Он скрежетал зубами и шевелил бледными, распухшими губами, невыразительно шепча:
— Социализм, всеобщее равенство… ерунда!.. миражи!.. Для начала долой свободу… это не для пролетариата… потом террор… такой, чтобы Иван Грозный… содрогался в гробу… и так полвека, а может, и целое столетие… Тогда… родится единственная добродетель… единственная опора социализма… жертвенность… Ужасом высвободить тела… преобразовать души… Не сердись, не смотри строго, Елена!.. Таков наказ… ужасный… Это не я!..
Он снова впадал в небытие. Блуждающие в мозгу мысли улетали в темноту; он чувствовал, что скатывается в бездну… оказывается в круговороте обломков миров, растерзанных человеческих тел, увлекаемый могучим потоком…
Он хрипел, издавая безумные слова без связи и смысла, ослабевал, погружаясь в молчание, неподвижный, почти мертвый. Тогда врачи склонялись над ним, щупали пульс, прислушивались, бьется ли еще сердце Ленина — сердце никому неизвестное, таинственное, как Россия, — увлекательная и безразличная, преступная и святая, мрачная и просветленная, ненавидящая и любящая, склоняющая голову, как крылатый Божий серафим, и поднимающая дерзкое обличье Люцифера; стонущая, как сирота на перепутье дорог, и пугающая диким свистом и окриком жестокого вожака Стеньки Разина; плачущая кровавыми слезами Христа и окунающая в братскую кровь, словно татарский захватчик.
Так думал преданный диктатору, обожающий его доктор Крамер, подавленный и угнетенный тревогой за жизнь друга.
Но сердце его еще билось слабым, едва слышным пульсом.
Только спустя три недели раскрылись черные раскосые глаза и с удивлением осмотрели полутемную комнату, маячившие во мраке заботливые, беспокойные лица Надежды Константиновны и врачей.
Он начал говорить слабым голосом.
Расспрашивал о происходящем и снова впадал в сон или обморок.
Однако сознание стало возвращаться все чаще. Только иногда у него цепенели правая рука и нога, он не мог сделать никакого движения и произнести ни слова.
Иногда он хотел что-то сказать или спросить, но язык отказывался его слушать, он бормотал, издавая отрывистое ворчание и брызжа слюной.
— Паралитический признак… — шептали врачи.
Однако Ленин справлялся с этими приступами.

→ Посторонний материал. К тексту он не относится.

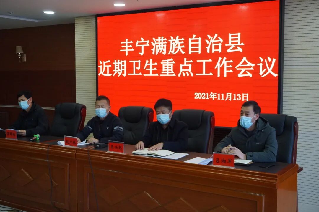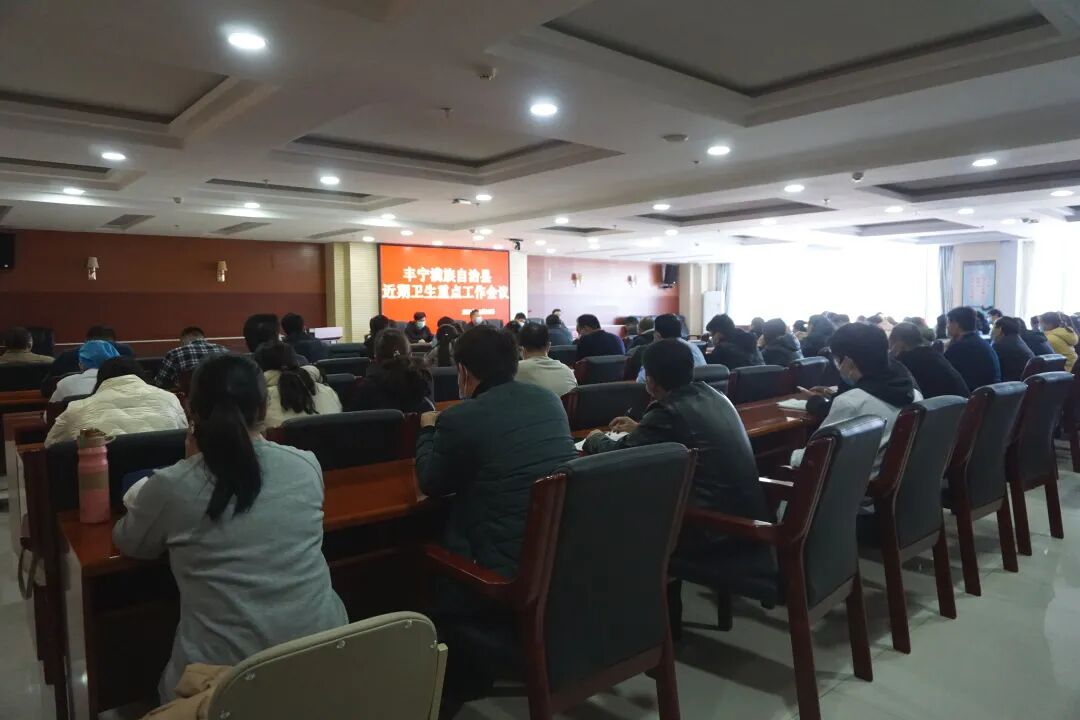 2021年11月13日11:00,丰宁卫健局在县医院行政中心二楼会议室召开近期卫生重点工作会议。卫健局班子成员,局机关各科室主要负责人、县直单位主要负责同志、县、中两院院长、乡镇卫生院院长参会。

Он начинал говорить и снова свободно передвигался.
Надежда Константиновна заметила, что лицо больного все чаще искажается, он морщит лоб и щурит глаза.
Она наклонилась к нему и спросила:
— Может, ты хочешь чего-нибудь? Скажи мне!
Он показал знаком, чтобы она наклонилась ниже, и прошептал:
— Мой мозг начал работать… Я должен подумать над разными делами… Мне надо побыть одному…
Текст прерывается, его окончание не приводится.